HIS PATH TO SOUTH AMERICA: Priebke escaped from a British prisoner of war camp on New Year's Eve in 1946 by cutting through barbed wire while his guards were drunk. With the help of Bishop Alois Hudal, Priebke fled to Argentina on a falsified Red Cross passport in 1948. He settled in the idyllic mountain town of San Carlos de Bariloche in the Patagonia region, where he operated at a Viennese deli and worked at a German school, living under his own name.

HOW HE WAS CAPTURED: In 1994, Priebke's past was revealed to the world after an ambush interview by ABC newsman Sam Donaldson. As a result of the uproar following the interview, Priebke was extradited to Italy where he was convicted of war crimes and sentenced to life imprisonment, to be served under house arrest.
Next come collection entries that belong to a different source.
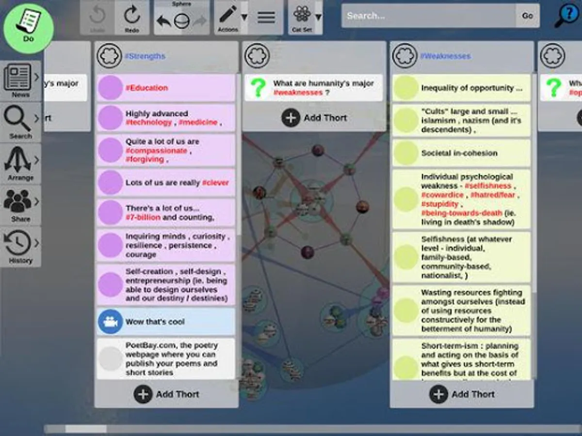 Initially the Mobile versions of the Thortspace App were thought to be a supporting addition to the Desktop versions. For example if you were out and about you could add some Thorts to a sphere when they occured to you, but then wait to get home or back to your office before you really put those Thorts into the places where they belonged, edited your Categories or Arrangements and considered their connections with Paths.
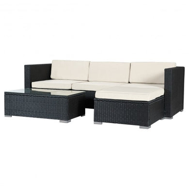 5 pcs Patio Furniture Rattan Wicker Table Shelf Garden Sofa with Cushion
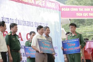Tiếp sau đó, Công ty phối hợp cùng Bộ CHQS tỉnh Đồng Nai thực hiện công tác dân vận Chung sức xây dựng nông thôn mới tại xã Phú An, huyện Tân Phú trong đợt 27/7/2018.
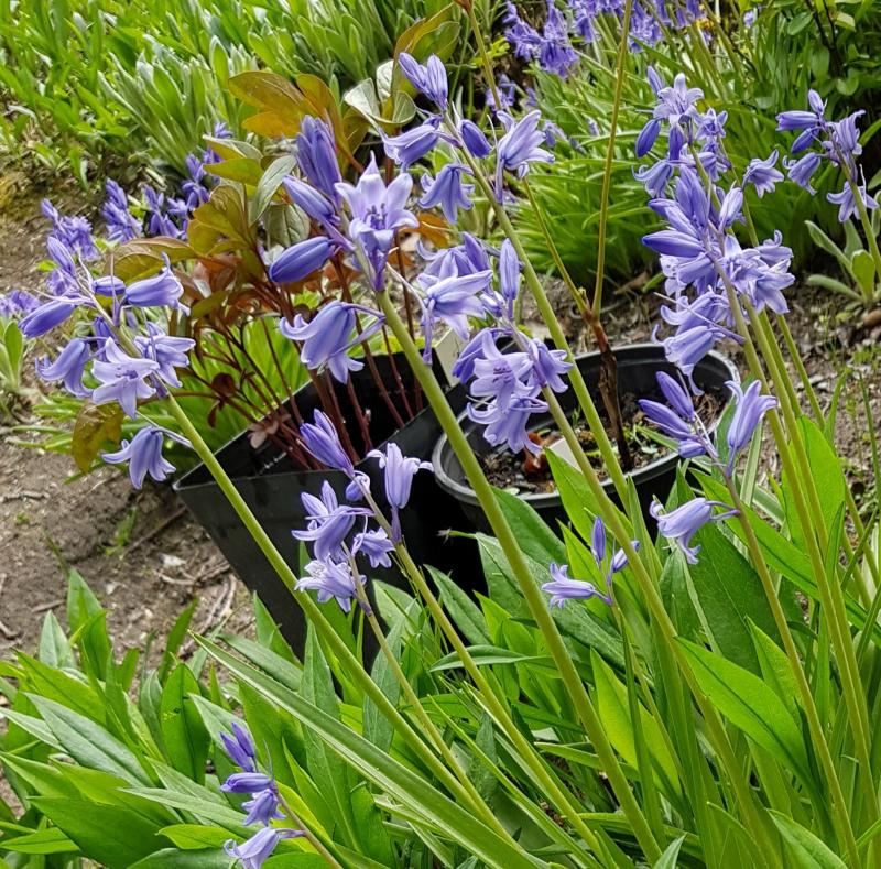 Oder für Hasenglöckchen (Hyacinthoides), die gehen bei mir in voller Sonne und ärmstem trockenen Boden gut. Vergißmeinnicht sind dir vermutlich zu hell. Dunkelblaue Ackeleien (Aquilegia vulgaris) wären auch eine Option, aber ich bin mir nicht sicher, ob die jetzt schon blühen. Wäre aber von Laub und Blütenform ein schöner Kontrast.

Priebke died in 2013 at the age of 100. His funeral resulted in a clash between fascist and anti-fascist protestors, and he was buried in a secret location after Argentina refused to have him interred on its soil.
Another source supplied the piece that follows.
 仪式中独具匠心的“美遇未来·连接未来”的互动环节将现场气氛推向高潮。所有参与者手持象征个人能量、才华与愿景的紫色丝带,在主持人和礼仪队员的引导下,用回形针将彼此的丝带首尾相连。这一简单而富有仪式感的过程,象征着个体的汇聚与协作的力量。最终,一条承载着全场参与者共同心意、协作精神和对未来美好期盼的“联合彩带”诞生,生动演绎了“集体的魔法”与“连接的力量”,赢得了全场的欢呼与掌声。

Former SS officer Erich Priebke during the trial at Military Court for participating in the 1944 Ardeatine caves massacre in Rome, where 335 civilians, including 75 Jews, were killed in retaliation for an ambush on German soldiers. He operated a Viennese deli in Patagonia until a 1994 street interview by journalist Sam Donaldson brought him to authorities' attention.(Credit: Stefano Montesi/Corbis via Getty Images)


7. Gerhard Bohne

WHAT HE'S INFAMOUS FOR: A lawyer and SS officer, Bohne headed the Third Reich's Work Group of Sanatoriums and Nursing Homes and was responsible for the administrative logistics of Hitler's Aktion T-4 euthanasia program. Claiming to be a "mercy killer," Bohne was instead among the leaders who carried out a systemic extermination in order to purify the Aryan race and avoid state expenditures on those with mental and physical disabilities. All told, the program killed some 200,000 Germans with incurable diseases, mental illnesses and other handicaps. The victims were led to gas chambers in the institutions and then cremated. The program served as a trial run for the mass extermination camps later operated by the SS. Bohne was thrown out of the Nazi Party after submitting a report accusing his agency of fraud and corruption.

 

HIS PATH TO SOUTH AMERICA: Bohne fled to Argentina in 1949 disguised as a "technician" for the military under the country's president, Juan Perón. He later admitted that Perón's helpers gave him "money and identify papers."

 

HOW HE WAS CAPTURED: After a coup deposed Perón, Bohne returned to Germany and was indicted by a court in Frankfurt in 1963. Released on bail, Bohne once again fled to Argentina from where he was finally extradited three years later as the first Nazi criminal surrendered by Argentina. Declared unfit to stand trial, Bohne survived another 15 years before his death in 1981.

Gerhard Bohne (right) arriving at Frankfurt Airport from Buenos Aires, accompanied by two officials of the district criminal board of Wiesbaden. Bohne would be prosecuted for administering the Nazi's euthanasia program aimed at purifying the Aryan race of people with physical infirmities and mental disabilities. (Credit: Keystone/Getty Images)

 

Did you know? The death sentences imposed in October 1946 were carried out by Master Sergeant John C. Woods (1903-50), who told a reporter from Time magazine that he was proud of his work. "The way I look at this hanging job, somebody has to do it . . . 10 men in 103 minutes. That's fast work."